8. A deep learning-based infectious disease pre-detection and protective equipment distribution system, used to implement the method of any one of claims 1-7, characterized in that, include: The data input unit is used to acquire symptom description data and contact history data of the subject to be tested, input them into the risk assessment network, and output the risk assessment results. The risk classification unit is used to determine the risk classification identifier and transmission intensity index of the object to be detected based on the risk assessment results and regional situation data. The priority calculation unit is used to dynamically calculate the distribution priority of each object to be tested based on the risk classification identifier, the transmission intensity index and the inventory status of protective equipment, and generate the distribution instruction of protective equipment. The issuance execution unit is used to execute the issuance operation according to the issuance instruction and collect issuance feedback data; The network optimization unit is used to perform time-series correlation matching between the health status tracking information in the distribution feedback data and the risk assessment results, extract prediction deviation features, update the parameters of the risk assessment network based on the prediction deviation features and generate a confidence correction value, and use the confidence correction value for subsequent distribution priority calculation of the target objects.
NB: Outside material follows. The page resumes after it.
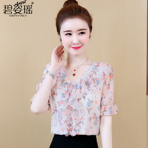 碎花雪纺衫女短袖2020夏季新款甜美荷叶边洋气小衫...

9. An electronic device, characterized in that, include: processor; Memory used to store processor-executable instructions; The processor is configured to invoke instructions stored in the memory to execute the method according to any one of claims 1 to 7.
10. A computer-readable storage medium having computer program instructions stored thereon, characterized in that, When the computer program instructions are executed by the processor, they implement the method described in any one of claims 1 to 7.